There is only one problem with that perspective, say two lawyers with the ABA Section of International Law. Like cyberspace itself, privacy issues in an electronic age reach far beyond the borders of the United States–and so will any effective efforts to address those issues.
Electronic privacy is a growing worldwide concern as access to the Internet expands and national economies become more intertwined, say Jeffrey M. Aresty and Demetrios Eleftheriou. Moreover, they say, efforts to deal with electronic privacy issues will have to take into account a patchwork of national laws on privacy.
They say it’s already virtually impossible for an international company to comply with all the privacy rules in the various countries where it operates. Privacy issues are a potential problem even for companies with a limited foreign presence, Aresty and Eleftheriou say.
“The issue that we’re all facing is that we’ve entered a new era where every business model is being transformed in some way because we’re in a global space,” Aresty says. The Boston lawyer chairs the International Law Section’s Information Services, Technology and Data Protection Committee.
“We have electronic communication and communities being formed around that space,” Aresty says. “And the laws that exist are designed for nation-states and geographical connections that make it very difficult to apply laws extraterritorially. It’s about time that we promote a harmonized rule of law in cyberspace.”
The European Union, for instance, has an overarching data protection directive, but many of the EU’s 25 member states have revised the model provision in the process of incorporating it into their own scheme of laws, says Eleftheriou of Washington, D.C., the committee’s co chair. That has resulted in significant conflicts on privacy rules just within the EU, he notes.
For multinational corporations, Eleftheriou says, “It’s virtually impossible to comply with all the data protection laws that are currently on the books. You just want to minimize the risk. That’s the best you can do.”
Information, Please
Aresty and Eleftheriou have taken a first step within the International Law Section in pursuit of an ambitious plan to organize lawyers from around the world into an online network to address electronic privacy issues.
They are trying to build a comprehensive resource on privacy laws through the committee’s page on the ABA Web site. It already is becoming a repository of information, as well as links to a growing list of U.S. and foreign privacy statutes, regulations and cases. (The site can be accessed via the ABA’s home page at www.abanet.org by going to the Section of International Law and then clicking “Join the Section Committees.”)

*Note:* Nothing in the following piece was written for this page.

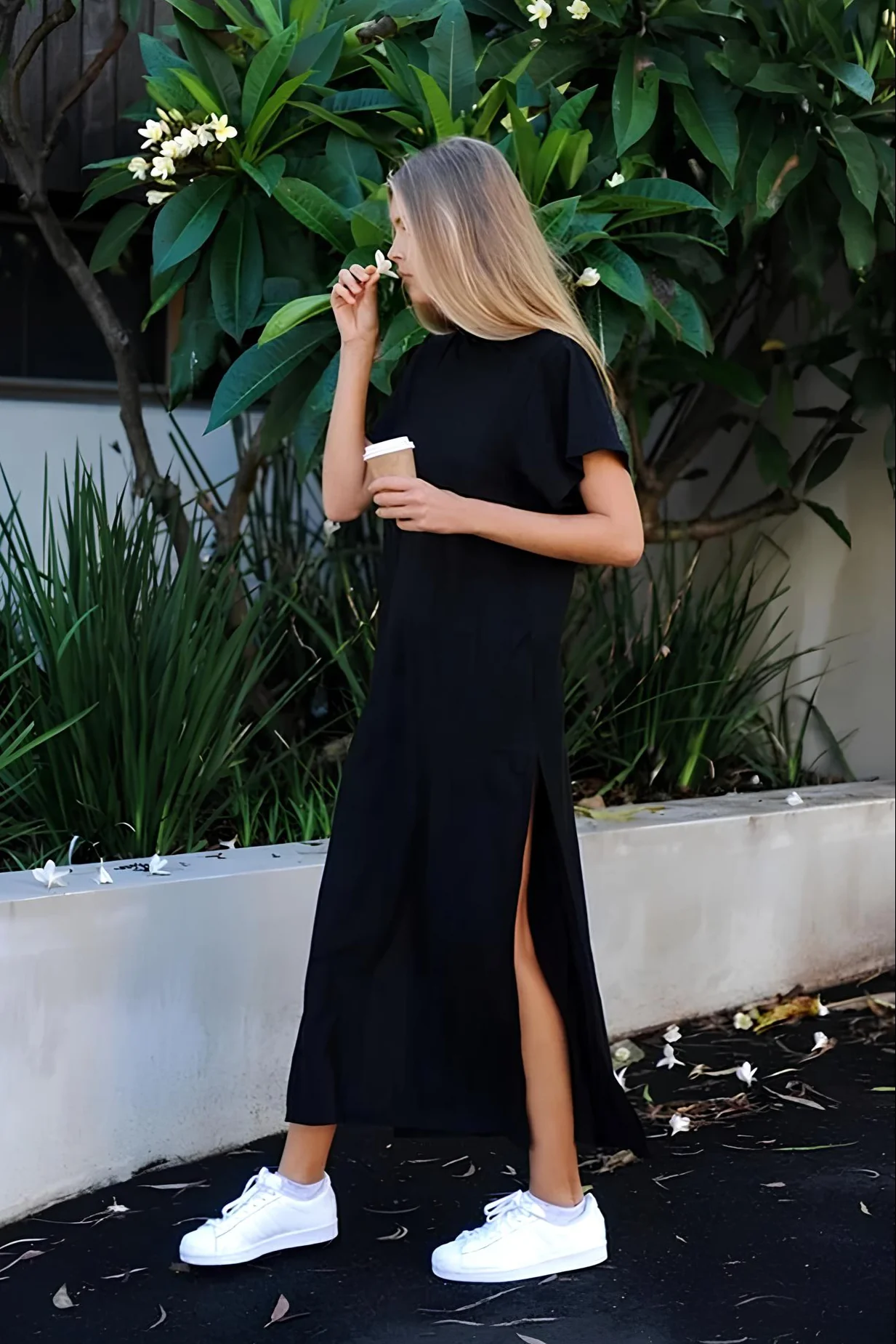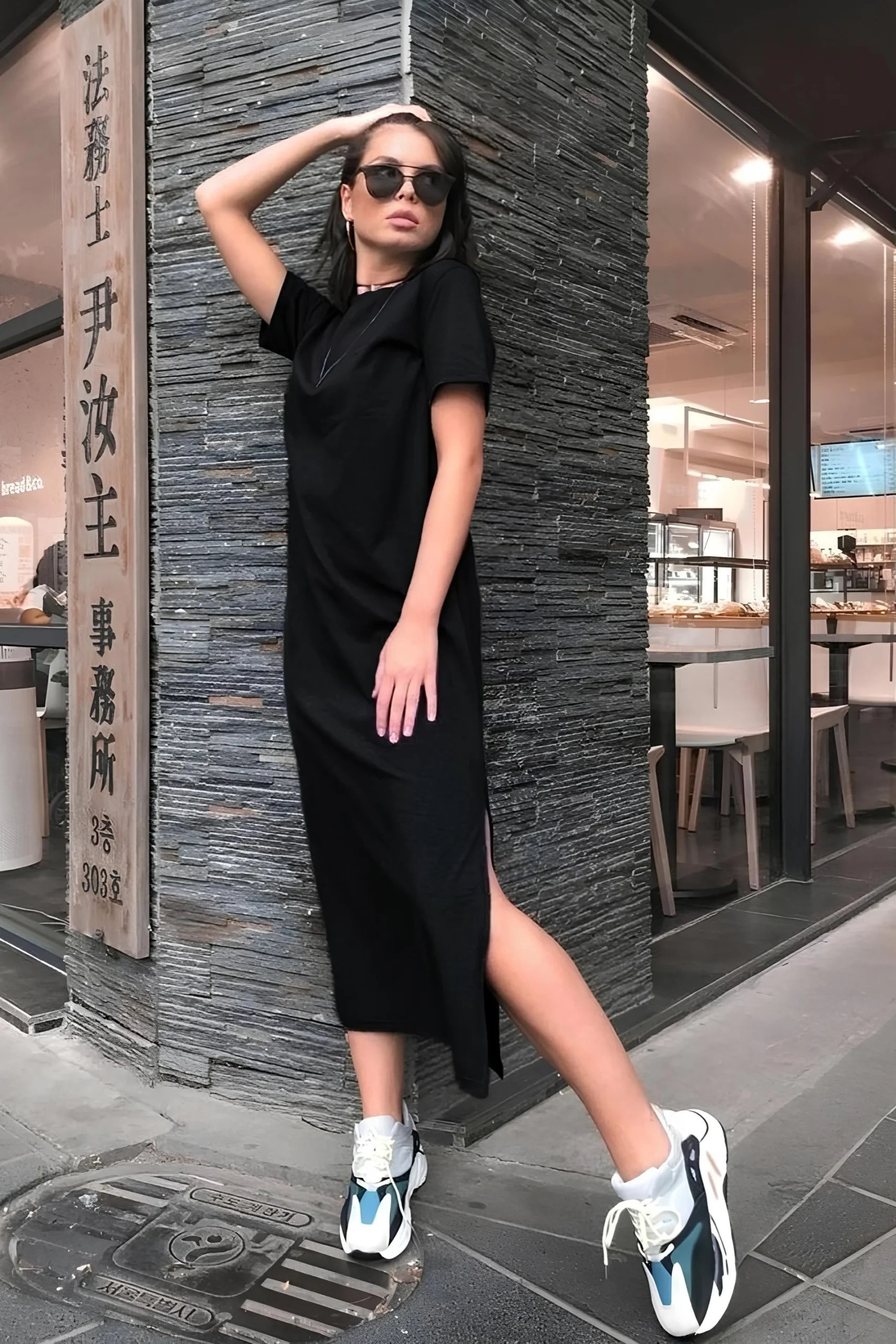 Imagine-toi, déambulant dans les rues de ta ville, avec cette robe t shirt noire longue qui danse au rythme de tes pas. Un vent de liberté souffle, tu es la reine du pavé, et chaque regard est une ovation silencieuse à ton style inégalé.

Aresty says he also has helped organize a nonprofit group outside the ABA for lawyers interested in practice issues relating to cyberspace. (Information about the new group can be found at www.internetbar.org.)
In addition to conflicts between national laws, concerns about international privacy standards arise in the context of business practices, Aresty and Eleftheriou say.
As outsourcing becomes more common, they say, subsidiaries or independent foreign companies to which work is sent may not be in compliance with the primary corporation’s privacy policies. Sometimes the corporation itself may not comply with its own privacy policies. When violations occur, the company faces potential liability even if voluntarily adopted rules in its privacy policy were not required by law, Eleftheriou notes.
Citing estimates that there will be more than 25 million victims of identity theft in 2005, Aresty says, “Think of what this means in terms of liability.”